Чувствовалось, что Корелья хочет сказать нечто вроде: «Сам то постоянно думаешь и о сиюминутном и о только начинающем приближаться». Однако молчит и правильно делает. Вот когда сможет одновременно гонять в голове несколько потоков мыслей, не сбиваясь и не теряя эффективности — тогда другое дело. А пока не вывел мышление на более высокий уровень, лучше воздержаться и не гоняться сразу за двумя зайцами со всем известным результатом.
Ждать пришлось недолго. Результат? Как раз тот, что доктор прописал — французы согласились на переговоры, причём даже уговаривать не пришлось. Интересно, однако! Неужто Карл VIII и его приближённые реально надеются, что им удастся договориться о безопасном проходе с учётом имеющегося на сей день расклада? Или просто хотят посредством отправленных на переговоры хоть частично, да получить представление о противостоящей им армии? Не столько о численности — это им и так известно — сколько составить личное впечатление, что часто бывает фактором не из последних. Такого я бы не исключал, учитывая наличие столь опытного и опасного человека как маршал Луи де Ла Тремуйль.
Мда… Собственно, именно он к нам и пожаловал с полагающимся сопровождением и явно снабжённый всеми возможными и невозможными полномочиями. Оставалось лишь пригласить его в спешно раскинутый шатёр чуть в стороне, дабы не любопытствовал сверх меры в глубине нашей армии, особенно касаемо расположения и численного состава батарей.
Самый минимум высокопоставленных персон, дабы не огорчать Франческо Гонзага. Он как командующий венецианской армией, я в качестве командира остальных войск… и Катарина Сфорца, чьё присутствие было важным с политической точки зрения и за ради психологического давления на маршала Франции. Корелья и Раталли были при войсках, дабы не случилось чего-нибудь неожиданного; Бьянка тоже, тяжко вздыхая, смирилась с тем, что тут ей не судьба побывать. Гонзаго, однако! Присутствие девушки, скажем так, не шибко знатного происхождения пусть даже в качестве секретаря, записывающего сказанное, ему явно встала бы поперёк горла. А конфликтовать по даже не второ-, а третьестепенным поводам я лично смысла не видел.
Но вот та самая знатность, из-за которой он хоть и косился на Львицу Романии, но вслух своего истинного отношения не высказывал — это заставило меня по иному посмотреть на некоторые намёки Родриго Борджиа относительно Бьянки. Сейчас она всего лишь Бьянка де Медельяччи, странная фаворитка папского сына и великого магистра Ордена Храма. Это немало, но в то же время не много для того уровня, куда я стремлюсь её вывести. Пусть она очень успешно учится, но набрать вес в глазах окружающих может только двумя путями, один из которых ей явно не подходит.

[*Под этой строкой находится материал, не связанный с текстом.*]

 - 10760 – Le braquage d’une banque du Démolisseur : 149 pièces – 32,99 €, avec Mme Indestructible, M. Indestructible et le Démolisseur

Выходить замуж за знатную, влиятельную и непременно зависимую от Борджиа персону… Учитывая определённые пристрастия моей подруги, подобное даже в теории очень сложно допустить. Даже если заморочиться с чисто фиктивным браком, слишком хлопотно, а это не есть хорошо. Остаётся второй путь, при котором она, как личный вассал семейства Борджиа, получит какое-нибудь герцогство, которое по тем или иным причинам будет не слишком удобным удерживать за собой лично. А потом уже трансформировать связку сюзерен-вассалы таким образом, чтобы последним стало на порядок сложнее проявлять попытки отколоться или играть в местечковый сепаратизм. Опыт веков грядущих тут сыграет на моей стороне.

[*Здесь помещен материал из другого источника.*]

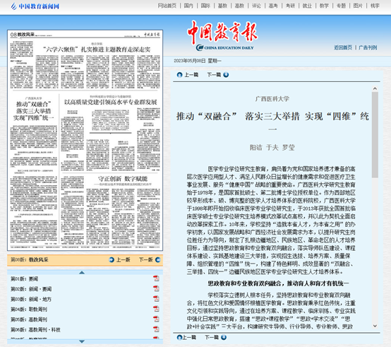 近日,中国教育报在“教改风采”专栏以《Beat365中文官方网站推动“双融合” 落实三大举措 实现“四维”统一》为题报道了Beat365官网近年深入开展边疆民族地区医学专业学位研究生人才培养模式改革创新的实践和成果。
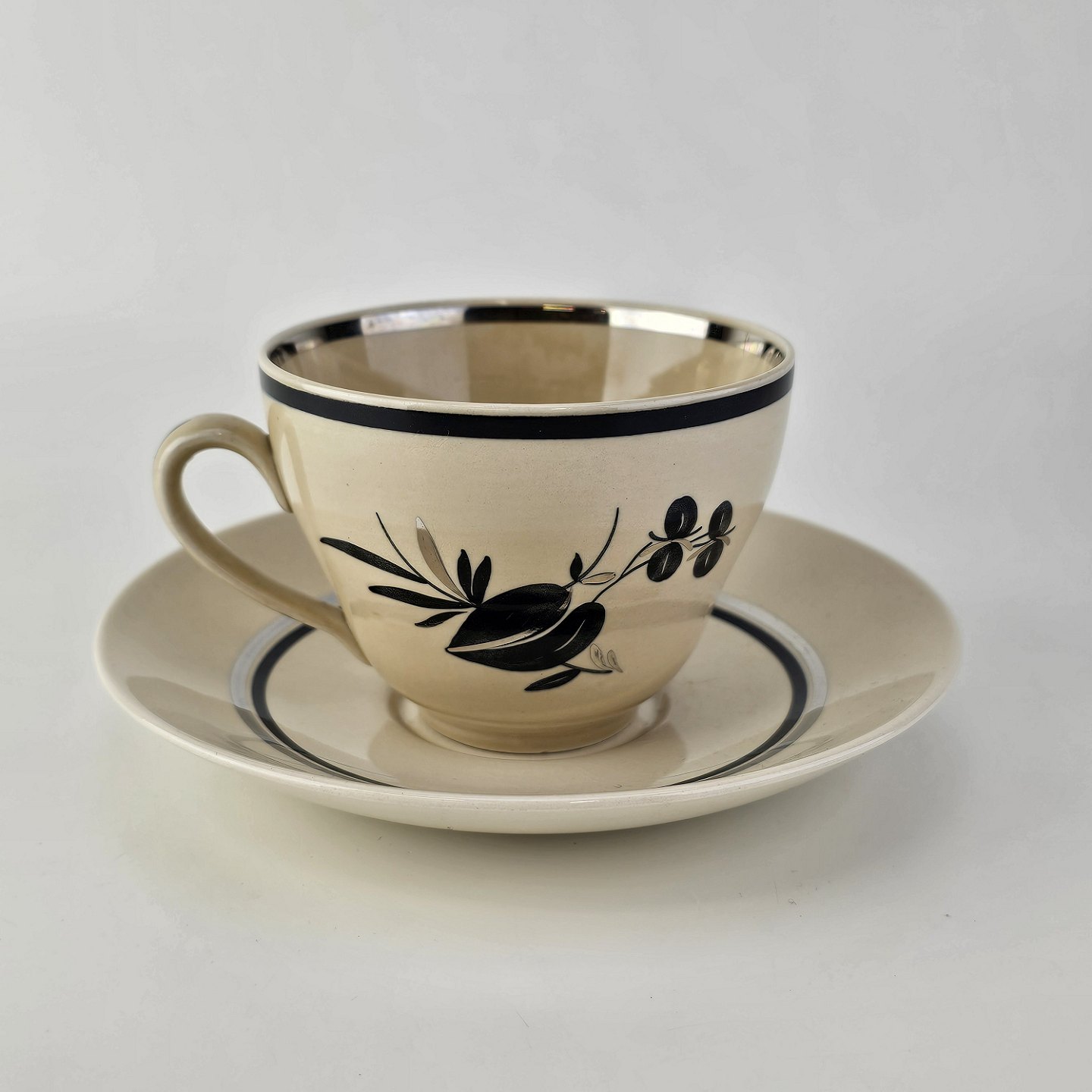 Råhvidt fajancestel i stelform E med dekoration af naturmotiver i sølv og sort farve.

Потом, всё потом и даже не на близкую перспективу. Сейчас «улыбаемся и машем» мрачному маршалу Франции, который наконец появляется в шатре и окидывает собравшихся тяжёлым таким, недовольным взором. Вот слова наоборот, более чем вежливые. Понимает, как умный человек, что ситуация сейчас для его стороны далеко не самая приятная, учитывая тот факт, что французская армия уже получала от нас по голове, а вот в иную сторону… как-то не случалось в этой войне.
— Вы пропустили нас через свои земли, Ваше Высокопреосвященство, ваш отец, Папа Александр VI, возложил на моего короля корону Неаполя, — вкрадчиво так, с показным недоумением начал де Ла Тремуйль. — Чем же вызвано то, что теперь знамя Борджиа развевается среди прочих над армией, которая преградила нам путь во Францию?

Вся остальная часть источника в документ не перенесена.